Let's grab some zipcode data...

In [10]:
%sh

wget https://materials.s3.amazonaws.com/2019/odsc/zips.json -O /tmp/zips.json

In [11]:
spark.read.json('file:///tmp/zips.json').show(truncate=False)

In [12]:
spark.read.json('file:///tmp/zips.json').withColumnRenamed('_id', 'zip').createOrReplaceTempView('zip')

In [13]:
from pyspark.sql.functions import pandas_udf, PandasUDFType

@pandas_udf("string", PandasUDFType.GROUPED_AGG)
# Input is Pandas Series, out is scalar
def merge_zips(zips):    
    return zips.str.cat(sep=' ')

df = spark.table("zip").filter("city IN ('BOSTON', 'CHICAGO', 'AUSTIN')").select("city", "state", "zip")

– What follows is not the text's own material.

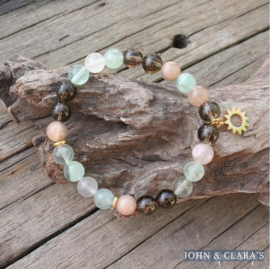 Natural Sunstone Fluorite & Smoky Quartz Bead Bracelet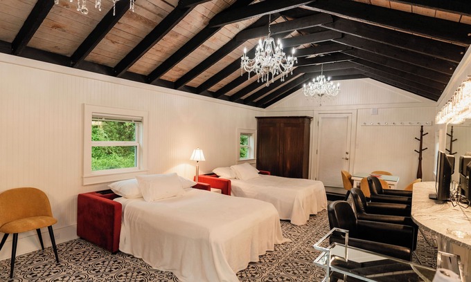 The Elderberry Studio apartment is available as an add-on. The studio is one of the four properties on the estate. It is an ideal stay for up to four people. Two queen sleeper sofas offer a comfortable sofa-by-day, bed-by-night experience. On sunny afternoons, a cozy backyard patio beckons with cushioned patio chairs and bistro-style patio furniture. The outdoor garden shower is truly one of a kind. Spend the day socializing with your group, or retreat to the privacy of the secluded deck and catch some proper R&R.

out = df.groupby("city", "state").agg(merge_zips(df['zip']))

display(out)

city,state,merge_zips(zip)
AUSTIN,NV,89310
AUSTIN,MN,55912
BOSTON,PA,15135
BOSTON,TX,75570
AUSTIN,IN,47102
AUSTIN,PA,16720
CHICAGO,IL,60601 60602 60603 60604 60605 60606 60607 60608 60609 60610 60611 60612 60613 60614 60615 60616 60617 60618 60619 60620 60621 60622 60623 60624 60625 60626 60628 60629 60630 60631 60632 60636 60637 60639 60640 60641 60644 60647 60648 60649 60651 60652 60653 60654 60657 60660 60661
BOSTON,VA,22713
AUSTIN,UT,84754
BOSTON,GA,31626


Hopefully that's not too bad.

Next up is the "group-map" functionality ... 
* we perform a groupBy in Spark
* then batches from each group are passed to a PandasUDF 
* they show up in Python as a Pandas DF
* from the Python function, we return a Pandas DF
  * with 0 or more rows and any schema we like

In [15]:
import pandas as pd

@pandas_udf("city STRING, state STRING, info FLOAT", PandasUDFType.GROUPED_MAP) 
# Input/output are both a pandas.DataFrame
def flatmap_demo(pdf):
    if len(pdf) > 1:
      return pd.DataFrame([
        [pdf['city'][0], pdf['state'][0], pdf['pop'].mean()],
        [pdf['city'][0], pdf['state'][0], pdf['pop'].sum()]
      ])
    else:
      return pd.DataFrame([[pdf['city'][0], pdf['state'][0], None]])

out = spark.table("zip").filter("city IN ('BOSTON', 'CHICAGO', 'AUSTIN')") \
  .select("city", "state", "pop").groupby("city", "state") \
  .apply(flatmap_demo)

display(out)

city,state,info
AUSTIN,NV,
AUSTIN,MN,
BOSTON,PA,
BOSTON,TX,
AUSTIN,IN,
AUSTIN,PA,
CHICAGO,IL,52173.98
CHICAGO,IL,2452177.0
BOSTON,VA,
AUSTIN,UT,


That's a bit of a silly example, but we could also be ...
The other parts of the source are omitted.